Figure 9.2. Recurrent condyloma in a nonimmunosuppressed patient previously treated with podophyllin, 5% 5-fluorouracil, electrocoagulation, and two applications of laser ablation. The condyloma was managed with excision and a course of interferon with recurrence.






Figure 9.3. Extensive vulvar condylomata acuminata in a patient managed with laser ablation.

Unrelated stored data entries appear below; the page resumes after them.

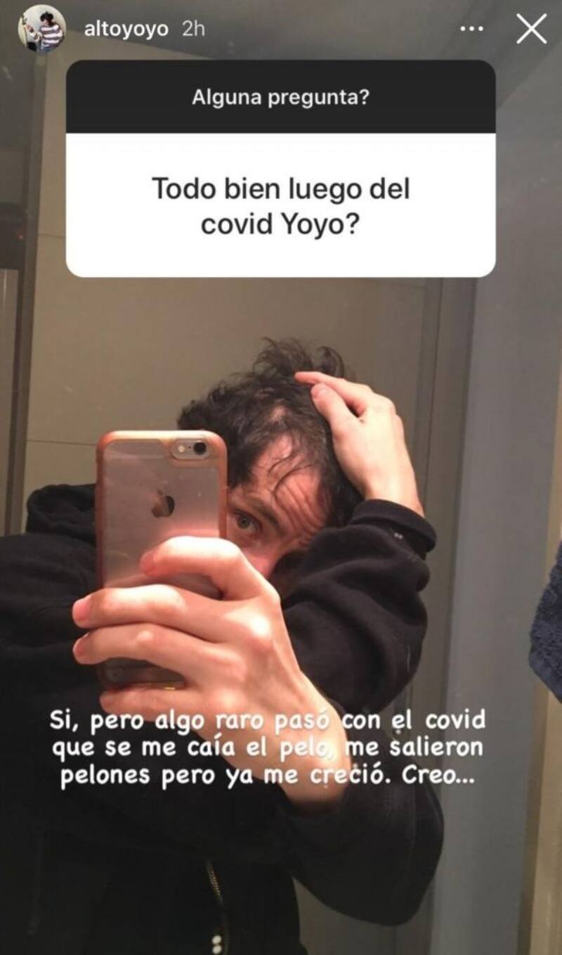 Tras ello, el artista respondió que sí, pero que "algo raro pasó con el Covid, que se me caía el pelo, me salieron pelones. Pero ya me creció. Creo…". Y acompañó sus palabras con una foto de su cabeza que ilustraba la secuela.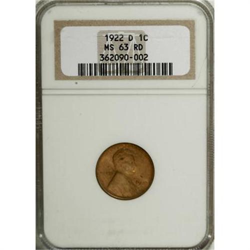 <B>1922-D 1C MS63 Red NGC.</B></I> NGC Census: (37/119). PCGS Population (64/312). Mintage: 15,274,000. Numismedia Wsl. Price for NGC/PCGS coin in MS63: $125. (#2539)<BR><BR><B>Coin Engraver:</B> Victor D. Brenner<BR><BR><b>Shipping:</b> Coins & Currency (<a target="_blank" href="http://www.heritageauctions.com/common/shipping.php">view shipping information</a>)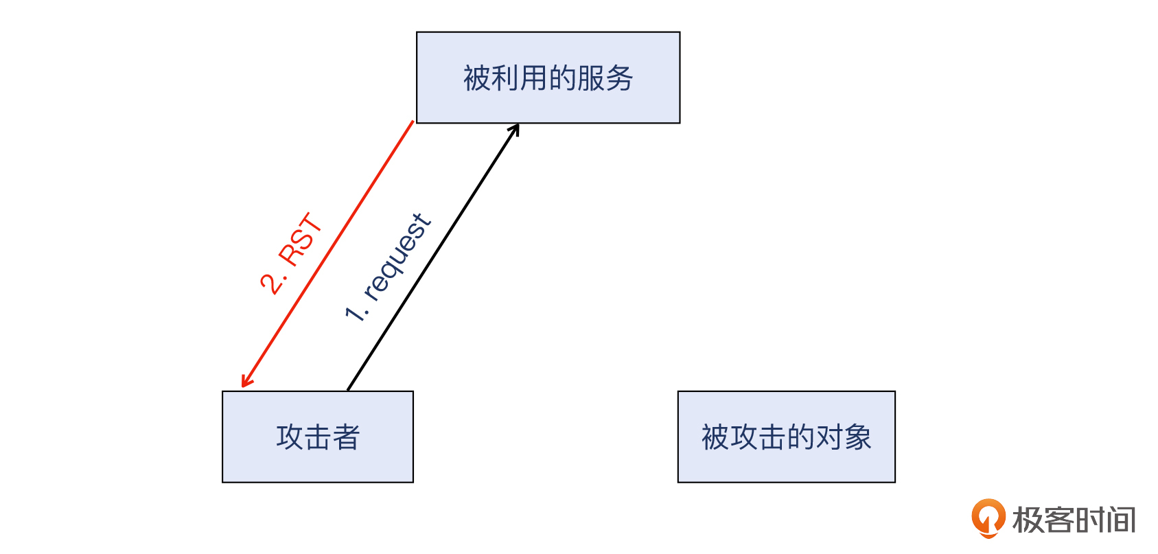 那跳过TCP握手,直接发送应用层请求(源地址还是伪造成被攻击站点的IP)给反射服务呢?当然是直接被RST,因为连握手都没做过呢。

Figure 9.4. Condyloma acuminatum. The epithelial surface is verrucoid and the epithelium is thickened and acanthous. Some lack of cellular maturation is evident. A few cells near the surface have koilocytosis. Hyperkeratosis and hypergranulosis are present. There is mild superficial chronic inflammation in the dermis.


DEFINITION

The term condyloma acuminatum (pl. condylomata acuminata) is derived from the Greek phrase for a caruncle or node and the Latin phrase for sharply pointed. Condyloma acuminatum is a cutaneous benign neoplasm caused by the human papillomavirus (HPV), usually HPV type 6 or 11, which typically has a verrucous, papillary or sessile appearance and exhibits viral HPV cytopathologic effects characterized by epithelial thickening with acanthosis, including elongation and thickening of the rete ridges and koilocytosis in the superficial keratinocytes.


GENERAL FEATURES

The frequency of vulvar condylomata acuminata (condylomata) in the adult population generally exceeds 1 in 100 individuals (1%) but varies with the population studied. These benign HPV-related lesions are typically multiple, and in women involve the vulvar vestibule, labia minora, labia majora, adjacent hair-bearing skin, and perianal areas. Condylomata can vary greatly in size; however, small lesions are common and often difficult to detect. The use of topically applied 3% to 5% acetic acid with examination under illuminated magnification is of value. Condylomata can involve the vulva as well as the vagina and cervix. Less commonly the urethra, perianal skin, or the anus may also be involved. Typical condylomata are benign, self-limited lesions; however, in some women there can be associated intraepithelial neoplasia, or squamous cell carcinoma of the vulva, cervix, or anus associated with these lesions. In these women, the premalignant or malignant neoplastic lesion is typically associated with an oncogenic HPV type, such as HPV 16 or 18, rather than the typically wart-related HPV type 6 or 11. A rare tumor, verrucous carcinoma (giant condyloma of
Buschke Lowenstein), can be identified associated with condylomata. These tumors are also HPV 6 or 11 related, but they can be locally invasive (see discussion of verrucous carcinoma).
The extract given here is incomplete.